The Gr1 and Mac1 double-positive myeloid cells in old DKO mice fulfill the criteria of MDSCs with their immature morphology and T cell suppressive activity. In our model, these MDSCs also potently suppress erythropoiesis. Therefore, the erythroid suppressive function represents a key pathologic feature of MDSCs as previously reported.10, 18, 22 By targeting MDSCs through all-trans retinoic acid (ATRA), we found improved erythropoiesis in DKO mice. Mechanically, ATRA attenuated the cytokine upregulation both in vivo and in vitro, through the promotion of cell differentiation evidenced by the reduced cell size of MDSCs post-ATRA treatment and the percentage of monocytic-MDSCs. In fact, several clinical trials using ATRA to treat MDS have been reported.38, 39, 40 One report showed ATRA combined with erythropoietin was effective for the treatment of anemia in low risk MDS patients having failed erythropoietin alone.38 Our study provides mechanistic insights showing that ATRA ameliorates anemia in MDS through reduction of MDSC-induced inflammatory bone marrow microenvironment.

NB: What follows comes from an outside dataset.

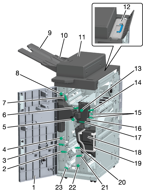 11 | 上カバー | 紙づまり処理のときに、カバーを開けて用紙を取除きます。 |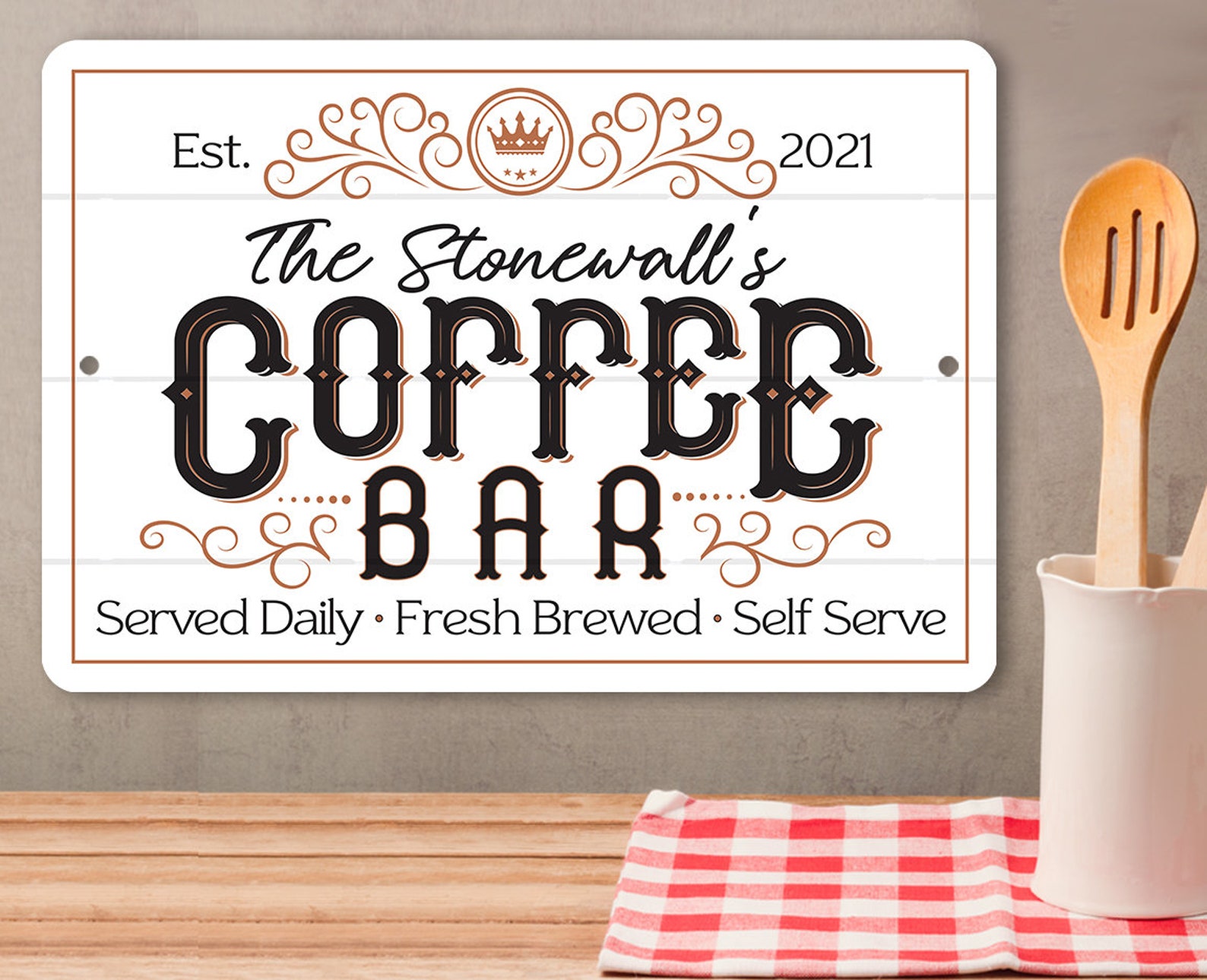 Tin – Personalized Coffee Bar Metal Sign – 8" x 12" or 12" x 18" Use Indoor/Outdoor – Coffee Shop Decor

TNFα and IL-6 are known to inhibit erythropoiesis.41 However, the detailed mechanisms of how different cytokines are involved in ineffective erythropoiesis are unclear. One of the most commonly involved pathways in inflammation-related anemia is cytokine-mediated hepcidin upregulation in the liver, which negatively affects the availability of iron to the developing erythroblasts.25, 42 However, hepcidin is not increased in our DKO mouse model. Instead, our study revealed direct but distinct roles of TNFα and IL-6 in the pathogenesis of ineffective erythropoiesis. Both cytokines blocked erythroid colony formation. After the CFU-E stage, IL-6 induced potent upregulation of reactive oxygen species and caspase-mediated cell death whereas TNFα mainly affects GATA1 protein levels. These results are also consistent with reported clinical observations that IL-6 and activated caspase-1 and caspase-3 are upregulated in MDS patients with refractory anemia.9, 10

IL-6 is upregulated in miR-146a knockout mice through increased TRAF6, a well-known target of miR-146a.35 Our previous study shows that IL-6 and TNFα are also prone to be upregulated in mDia1 deficient mice when the mice are subject to innate immune stimulation, related to increased expression of CD14 on granulocytes.5 Here we show that the combined deficiency of miR-146a and mDia1 leads to a profoundly increased elaboration of these cytokines, especially IL-6. This increase is most prominent in aged mice, which is consistent with the age-related changes in the bone marrow microenvironment. The level of IL-6 correlates with the level of ineffective erythropoiesis. In miR-146a/mDia1 double knockout mice, IL-6 is nearly four-fold higher than miR-146a knockout mice and 20−30-fold higher than the wild type or mDia1 knockout mice. Correspondingly, bone marrow erythroid cells are significantly reduced in miR-146a knockout mice and almost completely absent in miR-146a/mDia1 double knockout mice. These results are consistent with a more severe effect of IL-6 in erythropoiesis. Overall, our study highlights the significance of the bone marrow inflammatory microenvironment in the pathogenesis of ineffective erythropoiesis and anemia in del(5q) MDS.